I read it into R as tree1. I then use the following code:

#Function to label nodes and tips as sequential integers
sort.names <- function(tr){
  tr$node.label<-(length(tr$tip.label) + 1):(length(tr$tip.label)+ tr$Nnode)
  ##some of these are tips, some are nodes, need to treat differently
  tr$tip.label<-1:(length(tr$tip.label))
  return(tr)
}

#Function to check if tree is rooted, and if it is not to use midpoint #rooting
rootCheck <- function(tree){
  if(is.rooted(tree) == FALSE){
    rootedTree <- midpoint(tree)
  }
  return(rootedTree)
}

#The above mentioned function to remove duplicate tips
drop_dupes <- function(tree,thres=1e-05){
  tips <- which(tree$edge[,2] %in% 1:Ntip(tree))
  toDrop <- tree$edge.length[tips] < thres
  newtree <- drop.tip(tree,tree$tip.label[toDrop])
  return(newtree)
}

#Use functions on tree
a <- rootCheck(tree1)
b <- sort.names(a)
c <- di2multi(b, tol = 1e-05)
d <- drop_dupes(c)

Now at this point if I plot tree d, I will get the first plot above. However, if I write tree c to a text file, then read it back in and and then use the drop_dupes function on it, I will get the latter tree.

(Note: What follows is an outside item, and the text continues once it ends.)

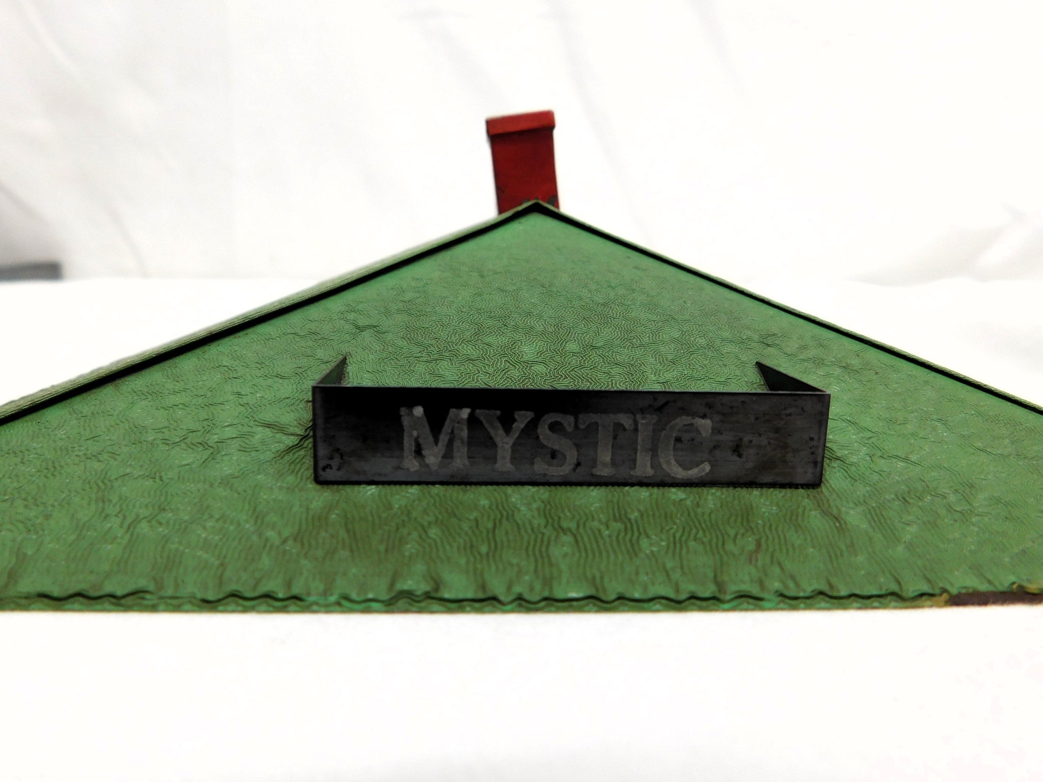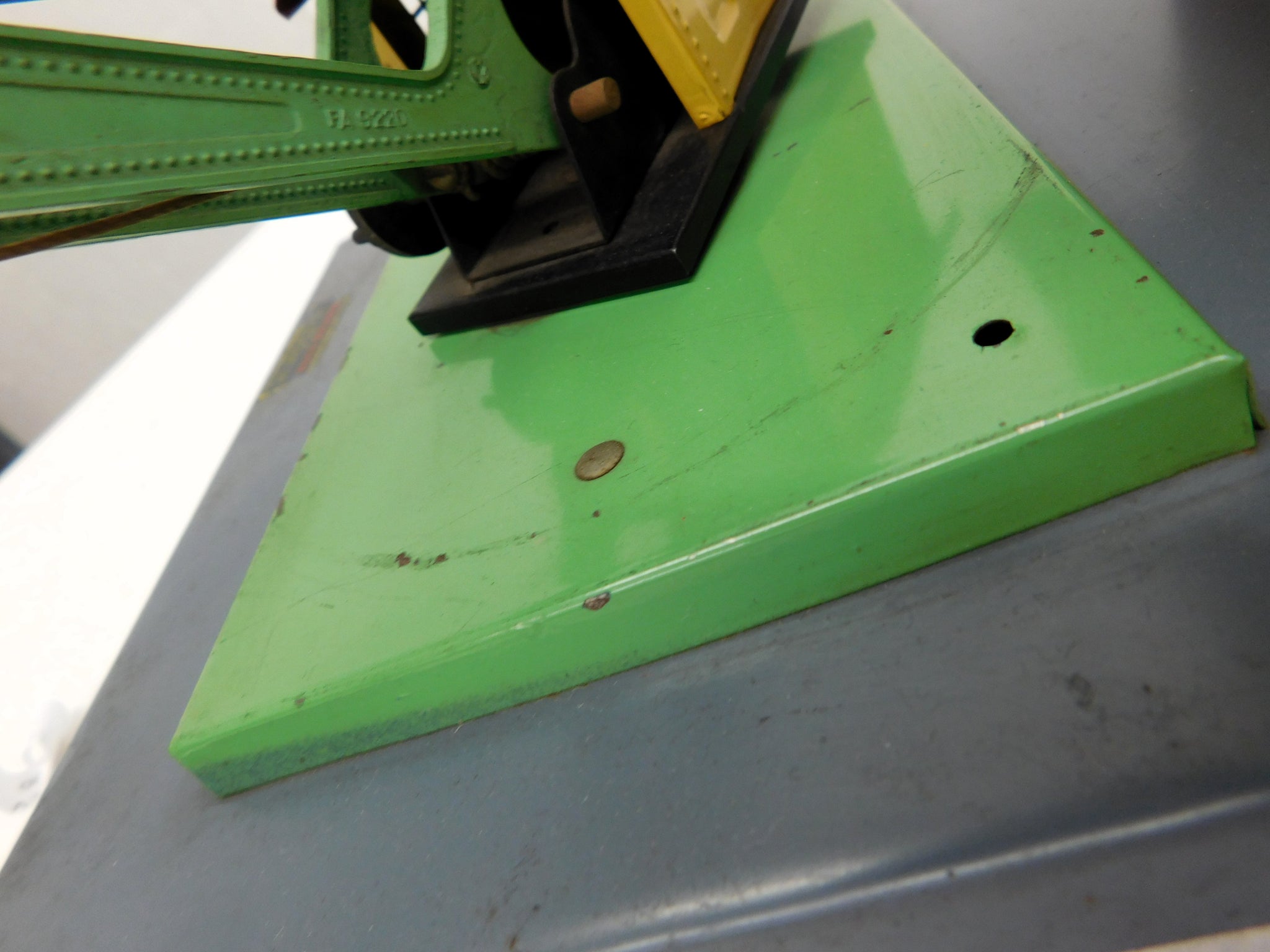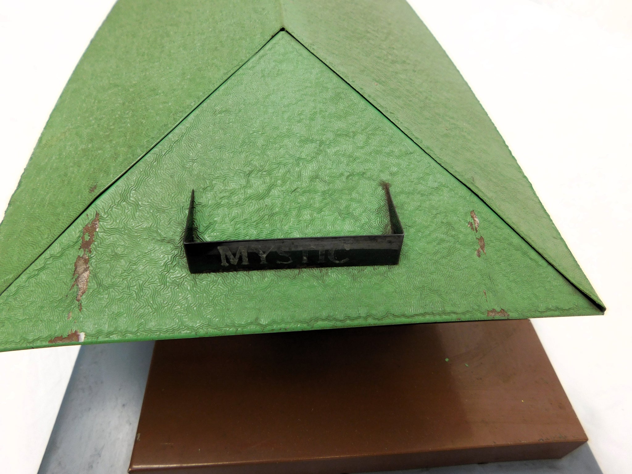 CONDITION: C-6+. Shows oxidation, signs of use, playwear and some surface rust. Roof is a little dirty. May have touch base paint. Crane looks good and has crank, etc. Not sure if brown paint is original, touched up or repainted. "Mystic" printing is a little faded from handling. Looks good.

I have checked the newick file of tree c against the Newick tree at the top of the page and it is definitely the same.


Solution

  • The problem is in the sort.names function. It effectively rearranges the way the tree is written, and indexing then refers to other nodes than it should.

    If you need the tip.labels numbered, why not label them separately?

    tax.num <- data.frame(taxa = tree1$tip.label, 
        numbers = 1:(length(tree1$tip.label)))
    
    a <- midpoint(drop_dupes(tree1))
    a$tip.label <- tax.num$number[match(a$tip.label, tax.num$taxa)]
    
    plot(a)
    

    Also, di2multi seems to be redundant. It creates polytomies where the goal, as I understand it, is to discard tips with short branches.